The recently developed xCELLigence RTCA HT Instrument from Roche Applied Science now allows to perform fully-automated impedance screens for GPCRs and other targets in the 384-well high-throughput format.
In a recent case study, Urs Lüthi and John Gatfield from Actelion Pharmaceuticals Ltd., Allschwil, Switzerland, integrated 2 RTCA HT (real-time cell analyzer for high-throughput) Instruments on an automated high-throughput screening platform from Agilent Technologies (Santa Clara, US). 263 antagonist hits of the orexin type 1 (Ox1) GPCR that had been identified in a classical calcium flux (FLIPR) HTS were screened for Ox1 inhibition in fully-automated RTCA HT assays.
The overall performance, the quality of E-Plates 384 and intra- and inter-assay reproducibility were evaluated. 65% of the 263 antagonist hits were confirmed to be Ox1 receptor antagonists after impedance measurements.

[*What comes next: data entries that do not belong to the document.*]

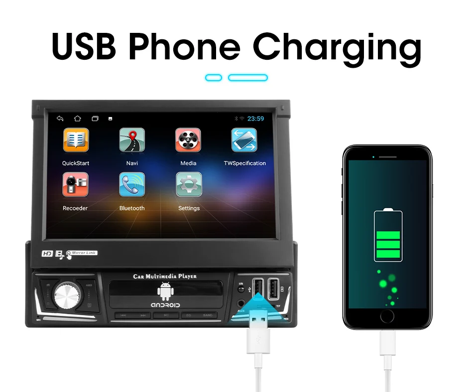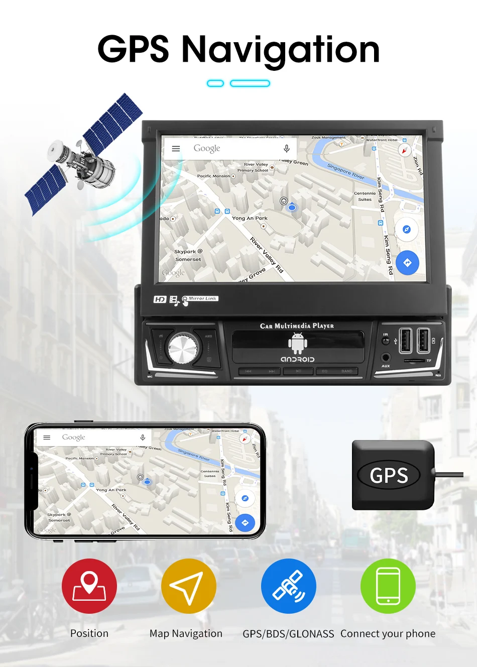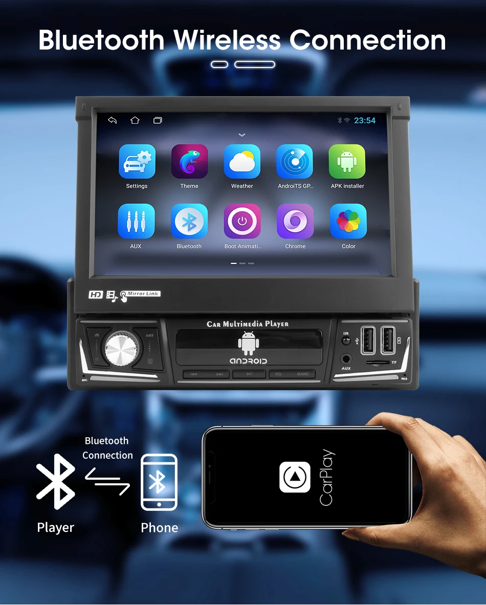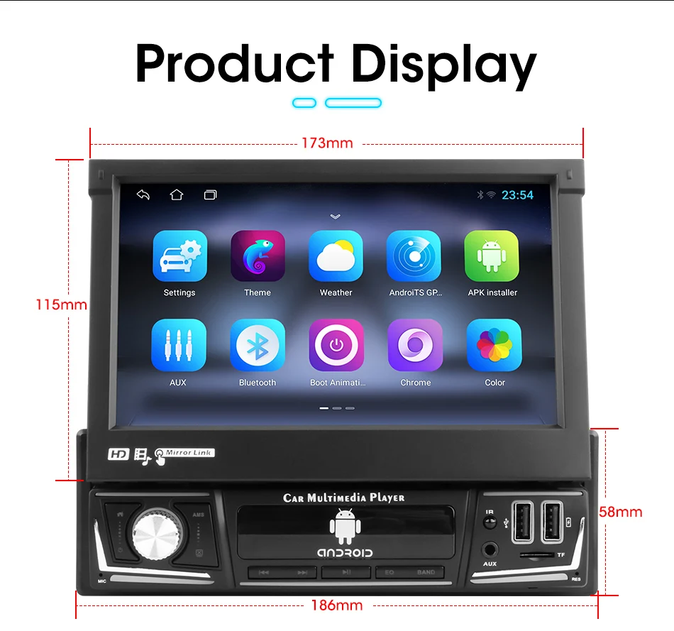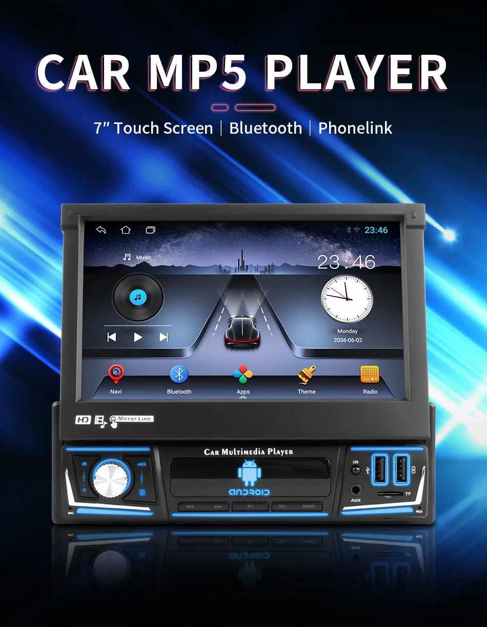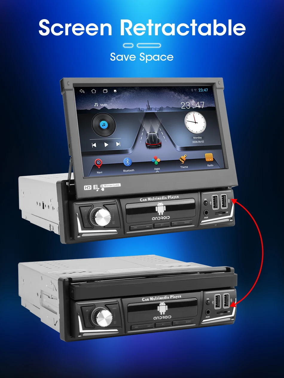أندرويد 11 شاشة قابلة للسحب للسيارة ، راديو سيارة ستيريو ، نظام تحديد المواقع والملاحة ، مشغل فيديو متعدد الوسائط ، دي في دي IPS صوت عالمي ، 1 دين ، 7 بوصة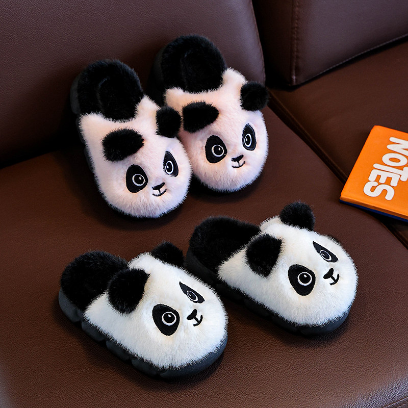儿童棉拖鞋秋冬季男童女童软底室内居家宝宝男孩保暖拖鞋熊猫卡通
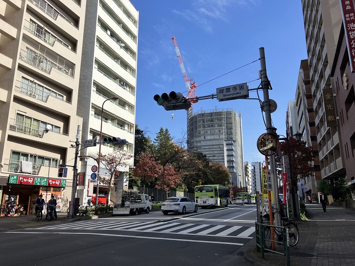 谷端川南緑道の先に坂が上がっています。祥雲寺坂は、池袋三丁目と西池袋五丁目の間に位置する長さ150mほどの要町通りの坂で、坂名は祥雲寺の前にある坂ということに由来します。坂名を書いた標識はありませんが、坂の途中の交差点に「祥雲寺坂」の名前が残っています。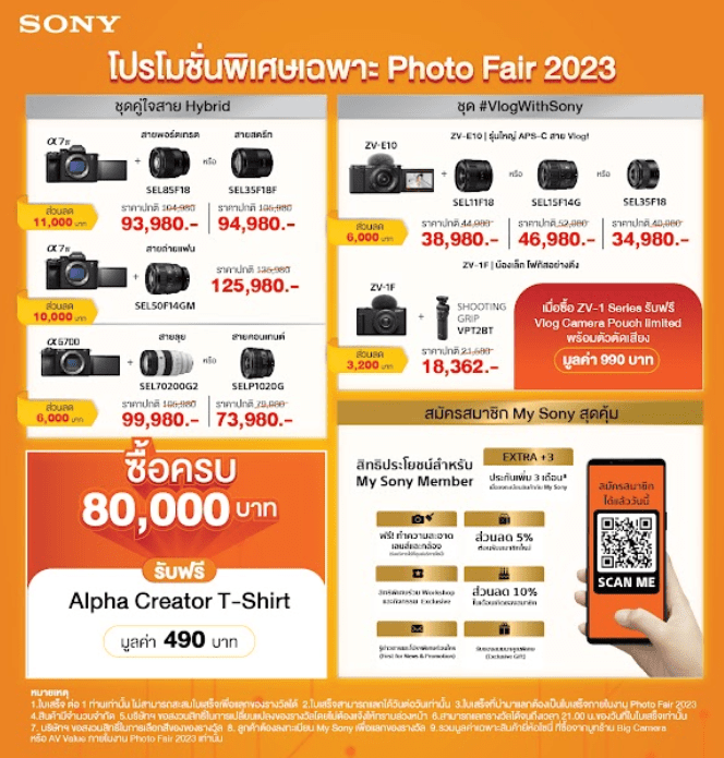 ภายในงานมีการจัดชุดโปรโมชั่นกล้องและเลนส์โซนี่ ดังนี้
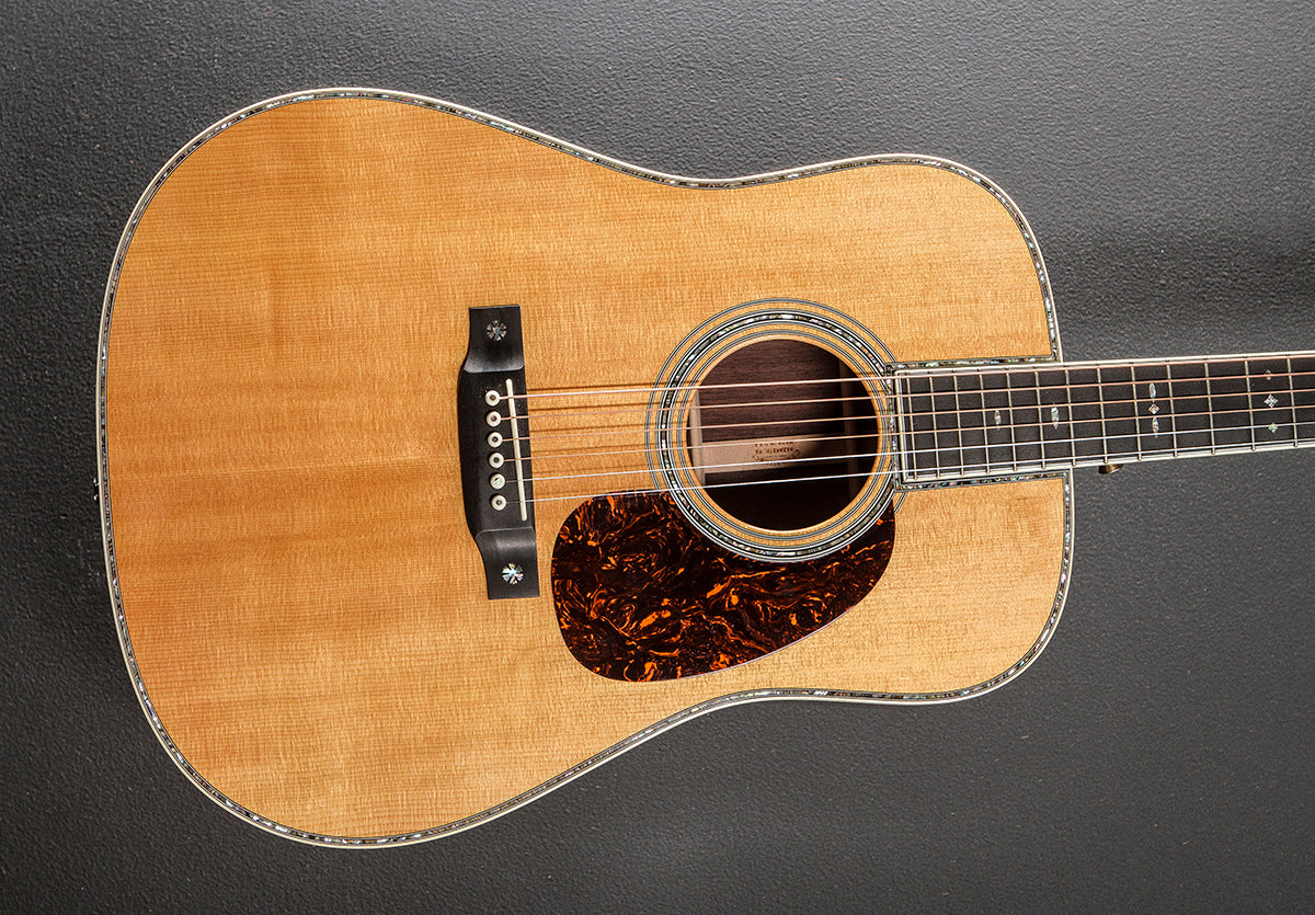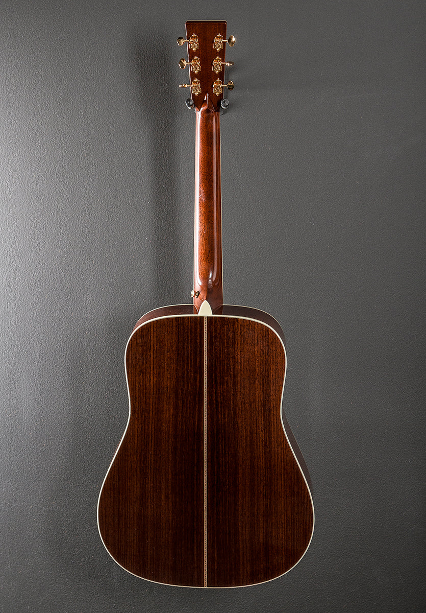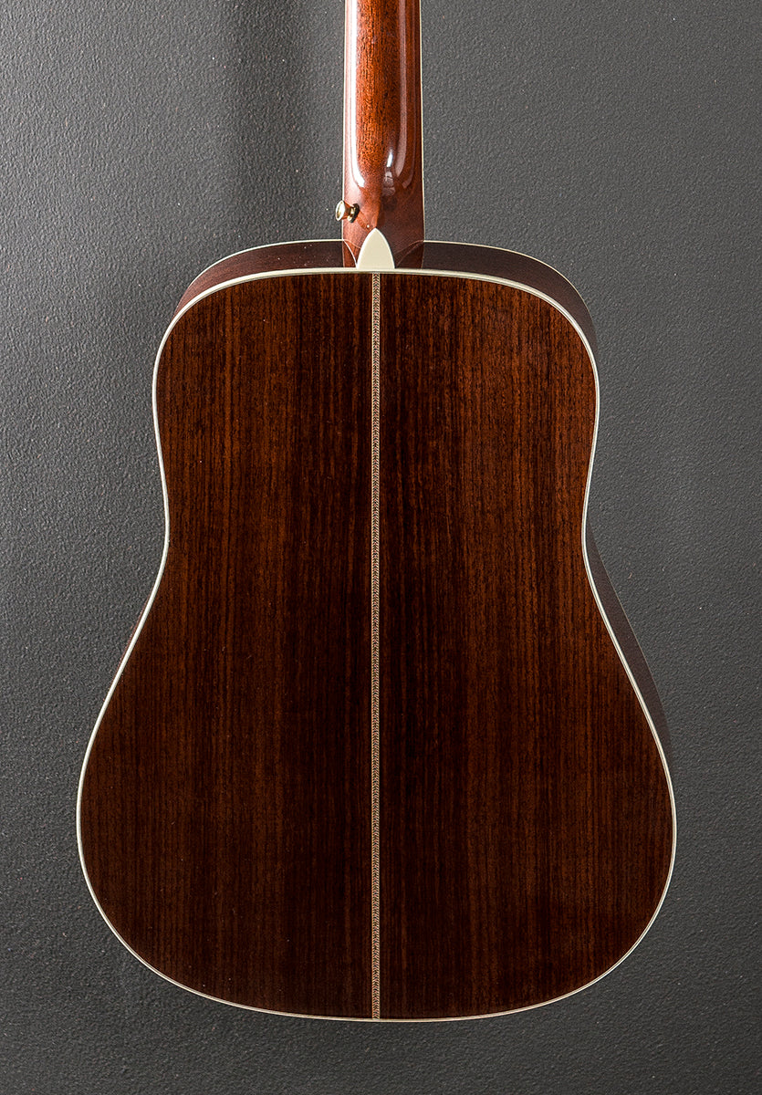 Natural, Gloss finish, D-14 Fret body shape, Sitka Spruce top, Abalone with multi-stripe Rosette, Scalloped forward shifted X bracing, East Indian Rosewood back and sides, Antique White binding with the Abalone w/multi-stripe top and multi-stripe back inlay, Style 45 back purfling, Modified low oval shaped Mahogany neck, Bound 16" radius Ebony fingerboard with the Abalone Style 45 Snowflake position markers and medium frets, 25.4” scale length, 1 11/16th″ nut width, Open gear tuners, The neck thickness is .83″ at the first and .88″ at the 9th frets, With the Martin hardshell case, Very good

According to the researchers, the RTCA HT Instrument could be readily integrated into automated workflows and delivered a highly reproducible data set, making the RTCA HT Instrument a powerful screening technology.
Compared to standard readout technologies one of the major advantages of label-free technologies is that cellular processes are measured in real-time kinetics in a non-invasive manner. The xCELLigence System uses gold electrodes at the bottom surface of microplate wells as sensors to which an alternating current is applied.
Cells that are grown as adherent monolayers on top of such electrodes influence the alternating current at the electrodes by changing the electrical resistance (impedance).
The degree of this change is primarily determined by the number of cells, strength of the cell-cell interactions, interactions of the cells with the microelectrodes and by the overall morphology of the cells.